Giusta la battaglia verso quell’atteggiamento dettato da media e mercato che fa dello slim fit un segno di superiorità morale oltre che fisica, facendo cortocircuitare etica e dietetica, coscienza e bilancia, passioni e ossessioni, totem e tabù, tuttavia il dibattito va riportato in un quadro adeguato che i dati provenienti dalla drammatica esperienza Covid hanno evidenziato. Vale la pena ed è necessario mettere in luce le forme di nuova discriminazione, il fatto che esiste uno stereotipo sulla forma fisica dei corpi per cui le taglie forti hanno più difficoltà a trovare lavoro e a parità di curriculum guadagnano circa il 15% in meno dei pesi piuma. Evidentemente lo stereotipo della leggerezza vincente pesa come un macigno sul destino di molti. La risposta non può essere la cultura della dieta selvaggia che spesso ci ha rovinato. I disturbi alimentari non di rado arrivano proprio dalle diete drastiche che vengono somministrate fin dalla tenera età, diete spesso fai da te, trovate sui giornali.

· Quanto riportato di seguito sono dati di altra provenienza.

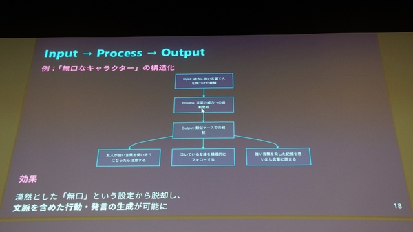 そこでAnamnesisでは、「原因(Input)→処理(Process)→出力(Output)」という因果関係をコンテキストに組み込む「キャラクターの仕様書」を作成する。これにより、無口な子の人格でいえば、「過去に強い言葉を使い、傷つけてしまった経験がある」といったトラウマや「他者が言葉で攻撃しているときにどう反応するか」といった葛藤、「類似したケースで言葉が詰まる」といった防衛機制などを実装することが可能になる。
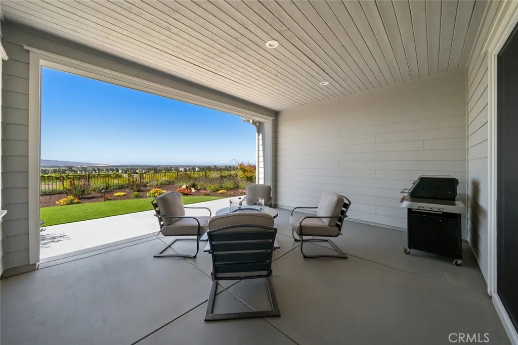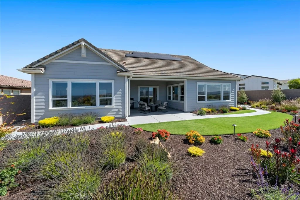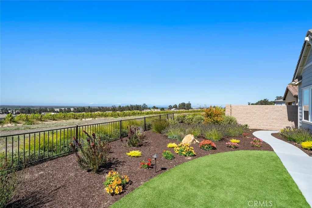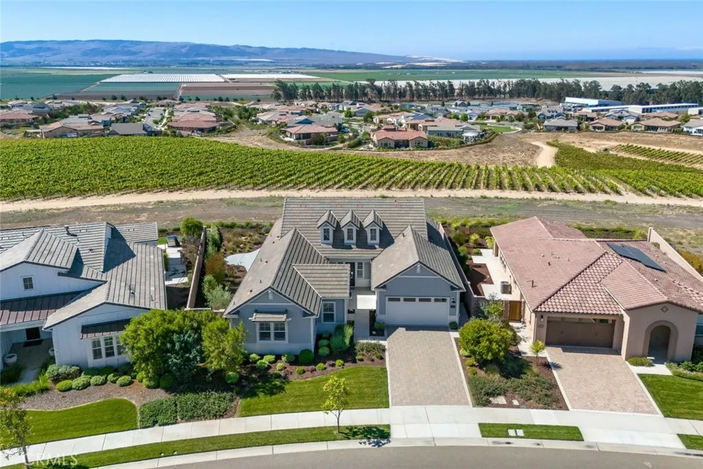 Here's your opportunity to own a beautiful coastal exterior Ventana home, located on a super premium lot with a panoramic view of vineyards and hills to the south, plus the ocean and dunes to the west - it's simply breathtaking! This gorgeous solar home offers 2,517 sq. ft. of prime living space with 3 bedrooms, 3.5 baths, (which includes a guest wing with private entrance), plus a den. Step inside and discover a stunning open-concept kitchen/great room/dining area with natural plank engineered wood floors and incredible views, which surround the outdoor space, lending itself to seamless indoor/outdoor living. You'll love the centrally-located culinary kitchen with soft ivory colored quartz countertops and island combined with rich, upgraded espresso Shaker-style cabinetry - it's an inviting combo that continues throughout. Top it off with the latest flush-mounted GE Profile stainless appliances, including a 5-burner gas cooktop, white tile backsplash, brushed nickel fixtures, and a spacious walk-in pantry - large parties or small gatherings, this space can handle it with ease. Outside, the landscaping is impeccable with covered patio, meandering pathways, low-maintenance plants and shrubs, artificial turf and ambient lighting - all with incredible views in every direction. The versatility of this home continues when you host family and friends for overnight stays, you'll have plenty of room with a large bedroom and full bath next door, plus a guest suite, (living room, bedroom and full bathroom) with its own private entrance. Once your guests are comfortably tucked away, head to your primary suite, a personal retreat, featuring a spacious bedroom with an inviting window seat and a luxurious spa-like bath with tile floors, beautiful tile shower with seamless glass enclosure, Roman tub, dual sinks, walk-in closet and linen storage - it's a slice of paradise you'll enjoy every day! Taking care of business is also a breeze with the oversized SmartSpace and laundry with desk, storage cabinets, countertops and sink - it's the perfect spot to catch up on email or jump on a zoom call. Additionally, there's a den with French door enclosure, powder room, 2-car garage with showroom epoxy floors, A/C and plantation shutters where needed. You'll never want to leave this magnificent home, but when you do, you'll be amazed at all the activities Trilogy life has to offer.
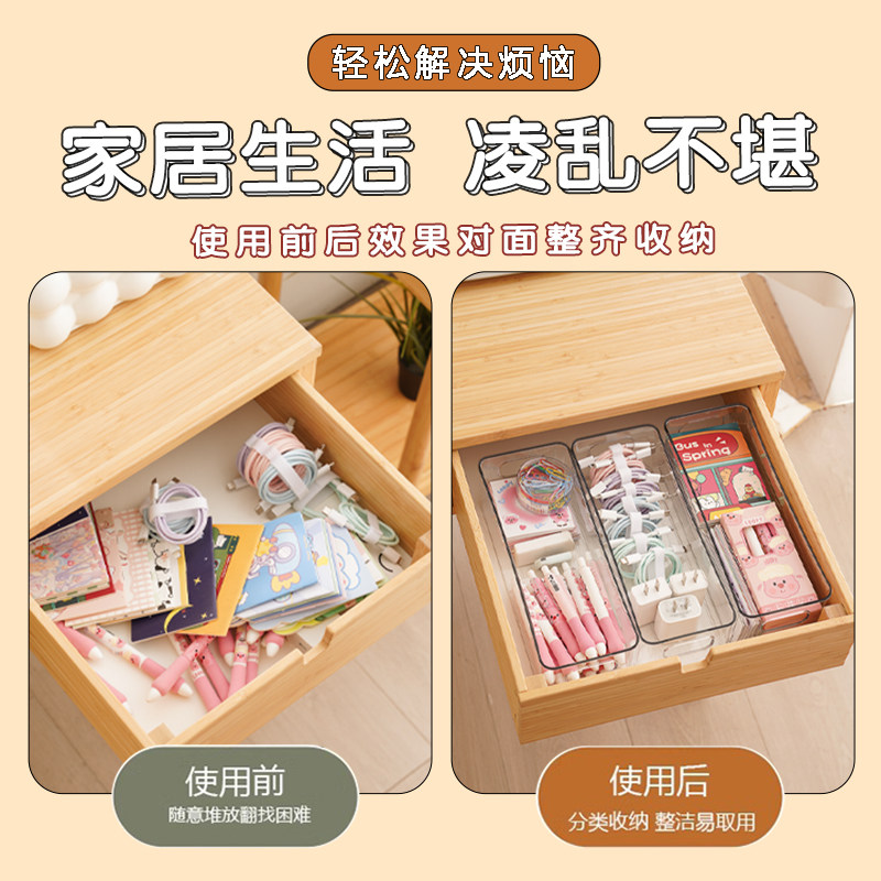 桌面宿舍收纳盒长条窄长型长方形亚克力透明杂物小物件抽屉分隔盒
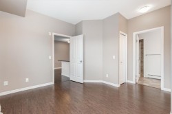 Immediate Possession Available on this Gorgeous END UNIT - 2 Bedroom and 2 Bath Condo with a South Facing Balcony. When you are arrive, you will immediately notice the great lighting from the Oversized South Facing Window and fantastic Kitchen that has been recently updated with BRAND NEW REFINISHED CABINETRY, Stainless Steel Appliances, Built in Pantry, Granite Countertops, and a Large Island. The Open Concept Living Room allows great space for furniture and a Dining Room Table. The Primary Bedroom is 13'7" x 12'11" and opens to a walk through his and hers closets and the Ensuite with a Shower Stall. The Second Bedroom can fit a Queen sized Bed. There is also a Full Bathroom, and a Laundry Room with storage space. Enjoy all the views and the Sun with the Larger South Facing Balcony that has a Gas line for your BBQ. This Beautiful Condo also has separate storage in the basement. This Well Managed Condo has an amazing Courtyard with Gazebo area for the residents to use. CONDO FEES Include water, heat, sewer. You pay the electricity. Located close to Restaurants, Grocery, Entertainment and quick access to QE2. This condo is ready for you to make it yours.
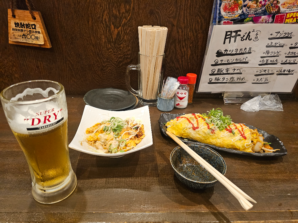 술과 함께 주문한 안주는 돈페이야키(とん平焼き)와 면이 들어 있는 오므라이스(オムそば)입니다.
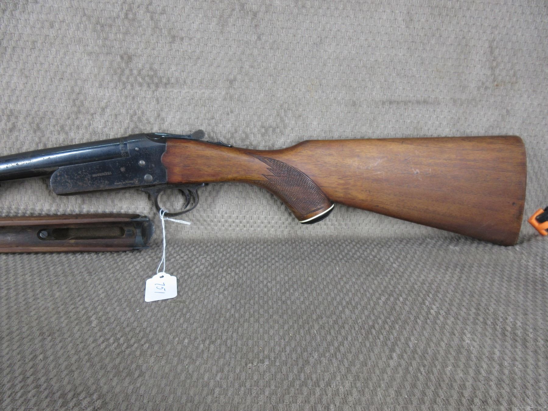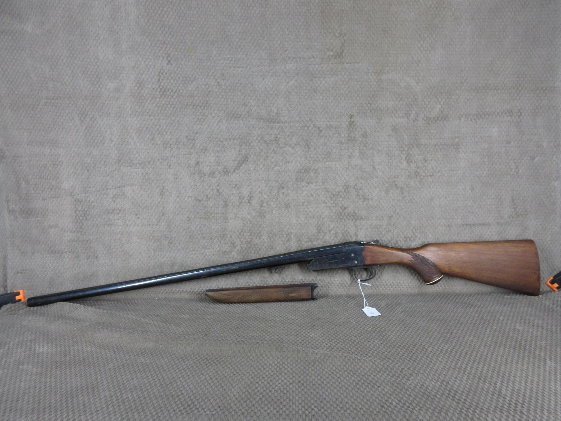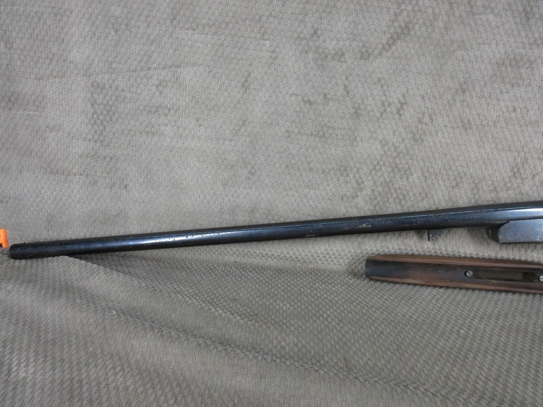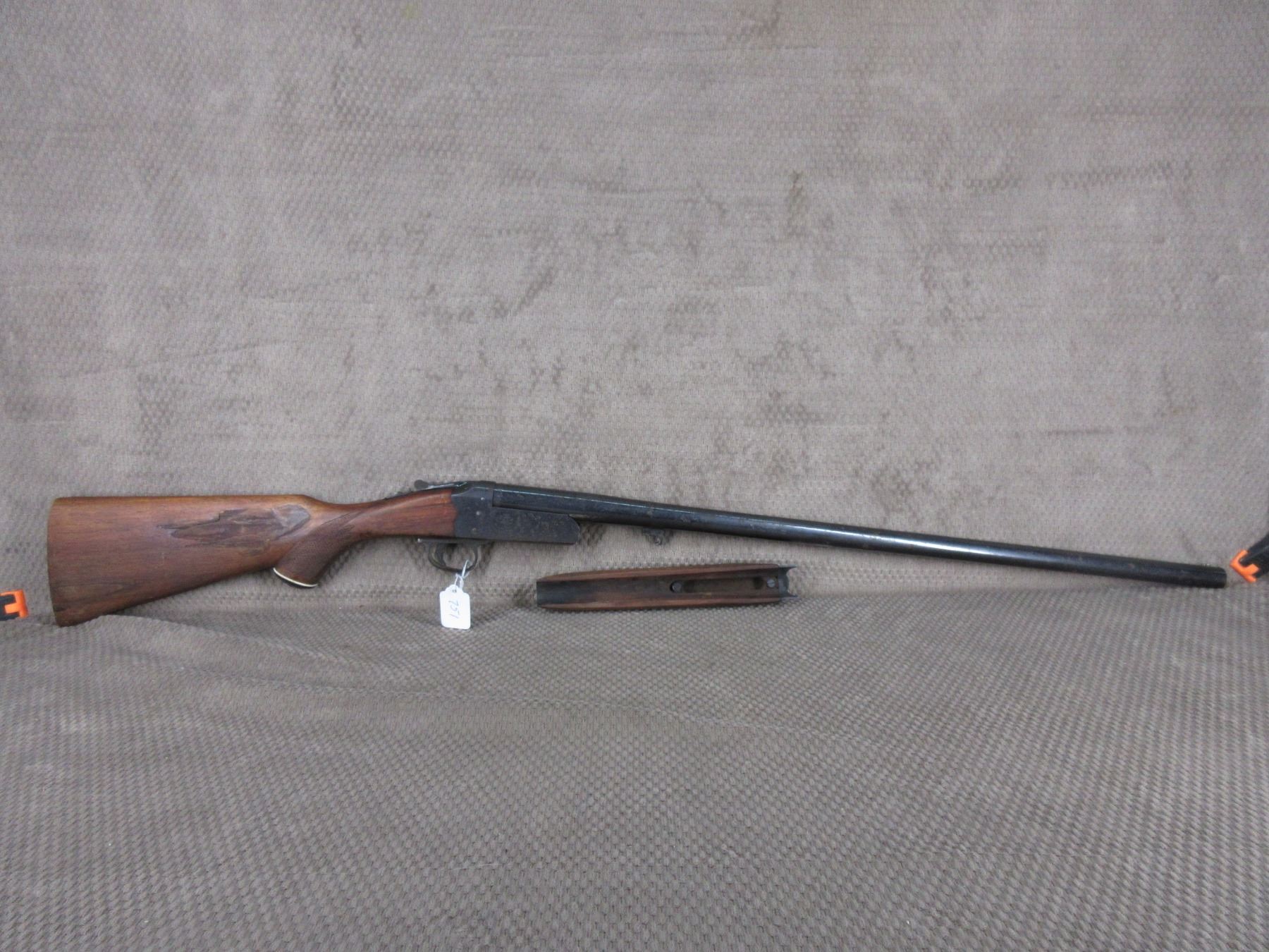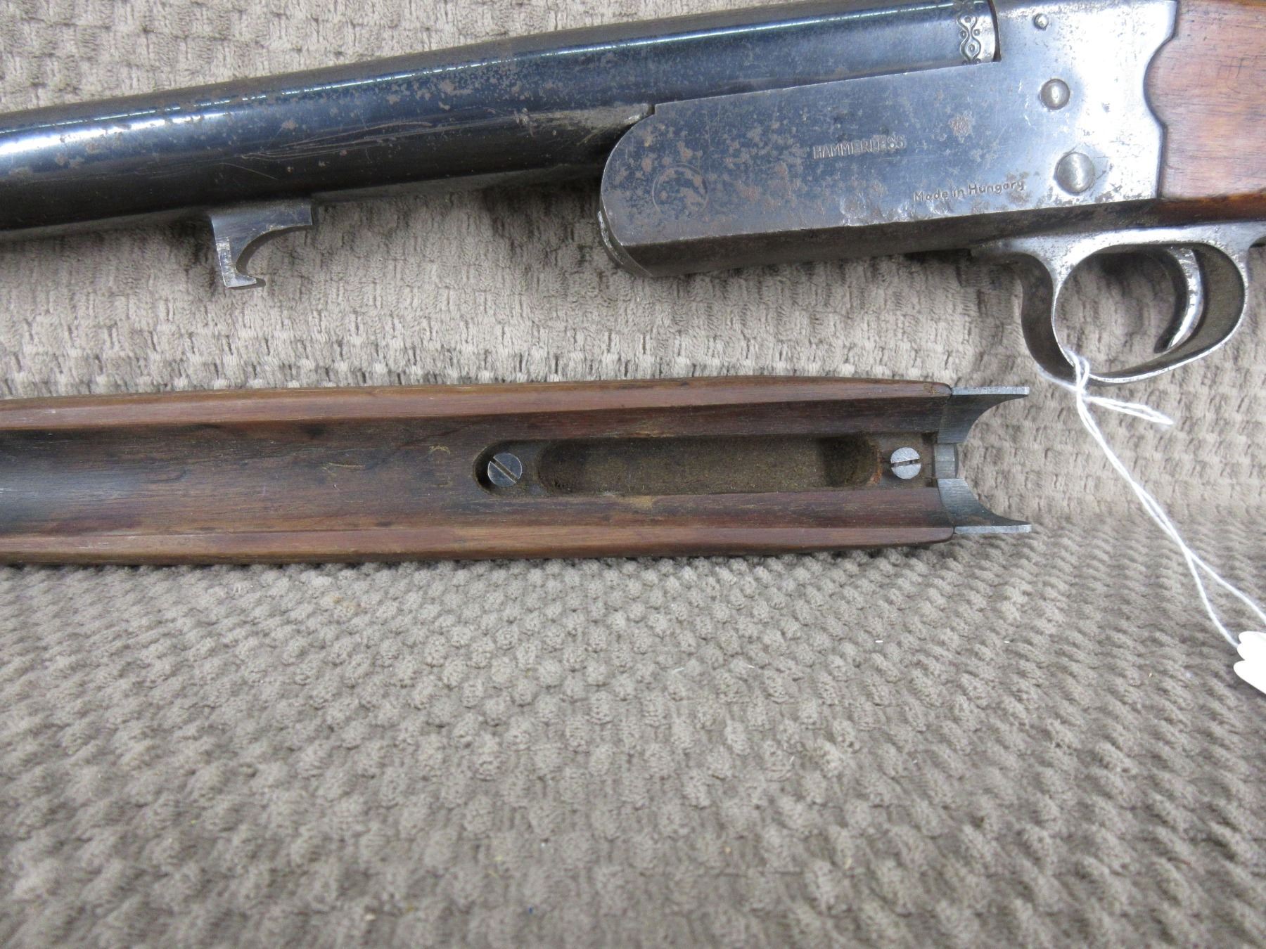 Non-Restricted - Made in Hungary in 12 Gauge - This single shot break action with ejector hammerless shotgun appears to be in non-working order as it is missing forearm attachement parts. Barrel is 28", bore shiny, blueing is pitted, front bead, stock is cracked at wrist and has a large gouge that someone tried to repair, forearm good but missing parts, no butt plate.
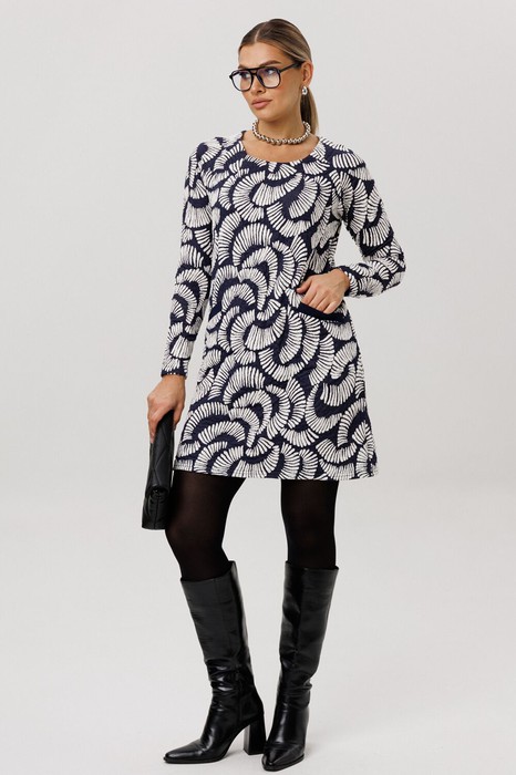 Плотный трикотаж в сочетании с приталенным силуэтом мягко подчеркивает достоинства фигуры. Круглый вырез элегантно обрамляет линию шеи и ключиц, а слегка расклешенная юбка создает лаконичный и женственный образ.
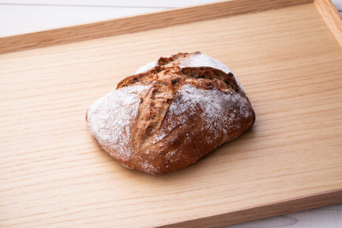 フランス語で「素朴」という意味の名のハード系のパンです。数種類の小麦粉をブレンドして作った生地を一晩寝かして熟成させ、高温で焼き上げ、皮は薄く、もっちり、しっとりとした味わいを楽しめます。イタリア産栗粉を入れ、隠し味のひとつとして甘く香ばしい香りをプラスし、濃い味に仕上がりました。
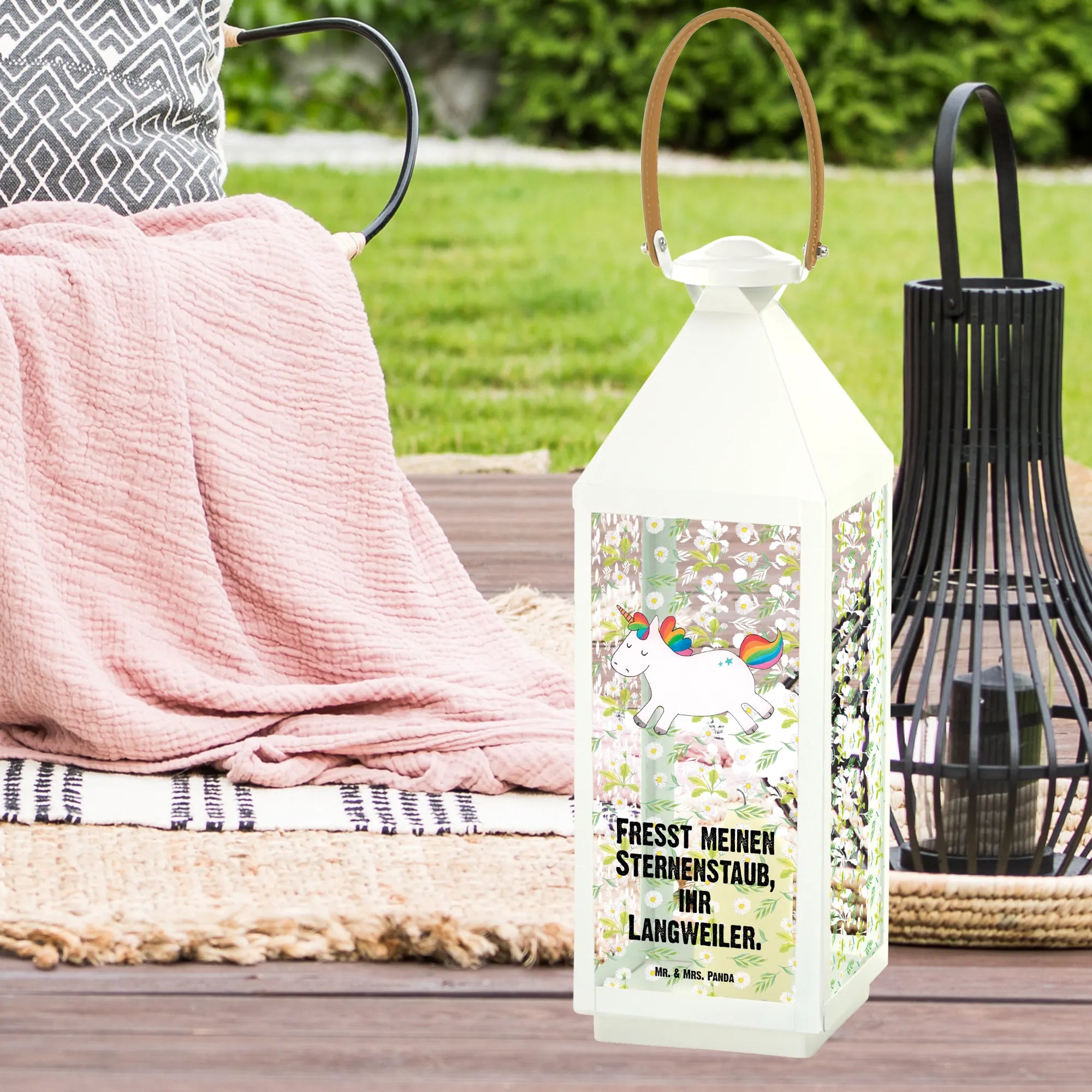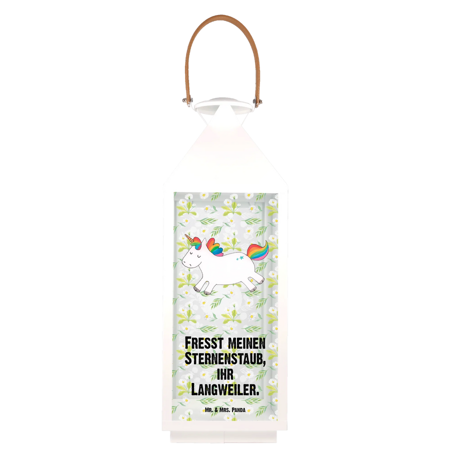 Mit ihrem bezaubernden Einhorn-Motiv und dem witzigen Spruch 'Fresst meinen Sternenstaub, ihr Langweiler.' zaubert sie jedem ein Lächeln ins Gesicht. Die Laterne aus hochwertigem, langlebigem Metall und Glas ist in XL-Größe erhältlich und sorgt für ein gemütliches Ambiente sowohl im Innen- als auch im Außenbereich.
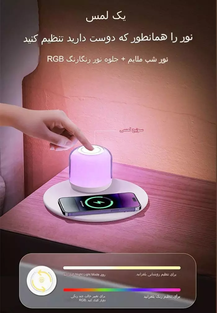 شارژر بیسیم و چراغ خواب رومیزی 15 وات رچی Recci Shadow 2-in-1 Wireless Charger RLS-L17
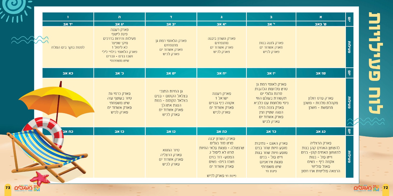 $(function(){ScheduleRotate([[function() {setImageBanner('76116883-b364-4322-86d7-64a60830c6fb','/dyncontent/2025/12/10/b56ee83e-306e-49d6-a0b5-17e54d1247ed.jpg',18989,'נוסעים בביטחה. אפיקים',510,80,true,50858,'Image','');},15],[function() {setImageBanner('76116883-b364-4322-86d7-64a60830c6fb','/dyncontent/2025/12/10/958d8cbf-4b13-4015-b34d-b241d2b15b7b.jpg',19091,'סטארטאפיסטים? זו ההזדמנות שלכם!',510,80,true,50858,'Image','');},15],[function() {setImageBanner('76116883-b364-4322-86d7-64a60830c6fb','/dyncontent/2025/12/14/495c8feb-fa31-4a7b-aeda-7f8c71605a23.jpg',20552,'עושים חשבון. פועלים',510,80,true,50858,'Image','');},15]]);})בין האטרקציות ופארקים חווייתיים, פארק ג'ננה, מתחם אקווה כיף בכנרת, מופעי אולם מרתקים במגוון רחב של מופעים, הצגות ופעילויות חינוכיות וייחודיות שיתקיימו באולם 'שילה' ברובע ו', טיולים והרפתקאות לפארקים ברחבי הארץ בדרום ובמרכז, סיור מרגש לעוטף עזה, גן החיות התנכ"י ועוד לצד ההופעות יתקיים פאנל פוליטי מרתק עם אנשי תקשורת בכירים ופוליטיים, מופע הענק קוללעוילם עם מקהלת מלכות ועוד מופעים בפיקוח ובהכוונת רבני הקהילות בעיר. בנוסף, תתקיים הגרלת ענק נושאת פרסים למשתתפים באירועי האולם ובסיום בין הזמנים תיערך הגרלת ענק על פרסים שווים במיוחד. חידוש נוסף מבית מעגלים - השנה הושקו כרטיסי חבר "מעגלים" מגנטיים להקלה ופישוט תהליכי הרכישה והכניסה, ללא צורך בתורים ארוכים. מעגלים מזמינה את כל אלו שחסמו אותם מפעילויות של ארגונים אחרים לבוא ולהינות מכלל האפשרויות. ראש העיר, ד"ר יחיאל לסרי, וחברי המועצה הרב אפרים וובר והרב יהושע טננהויז מדגישים את החשיבות בהענקת פעילויות קיץ עשירים, איכותיים ורבים מאוד, למשפחות התורניות בעיר, ליהנות ולחזור לשנת הלימודים הבאה עם כוחות מחודשים. החוברות מופצים בימים אלו בבתי הכנסיות ובמבחר מוקדים לתועלת הציבור שממתין שוב ושוב לפעילויות הרבות, בשקיפות מלאה ללא משוא פנים. כדבר המפרסם 'בלי טריקים ובלי שטיקים' אל תחמיצו קיץ מלא שמחה, חוויה וערכים עם "מעגלים".

Una tendenza che sacrifica l’attenzione al nostro corpo, a uno stile di vita sano, al benessere e all’equilibrio. 

    
Il dibattito intorno al body positivity è l’occasione di ripensare le nostre idee di corpo e di persona fuori dalle retoriche tossiche di un’informazione scorretta, non attenta e vittima delle mire del mercato delle diete feroci. Esiste, o almeno è esistita, una questione alimentazione-Covid: la narrazione che ognuno in casa ha destinato più tempo ad un’alimentazione sana lascia il tempo che trova. In realtà è aumentato un consumo di cibo legato allo stress, di cibo spesso junk mentre il corpo di tutti è diventato inevitabilmente più sedentario. Non va persa l’occasione offerta dal dramma della pandemia per avviare una educazione alimentare in grado di metterci al riparo da fenomeni sociali e sanitari dannosi.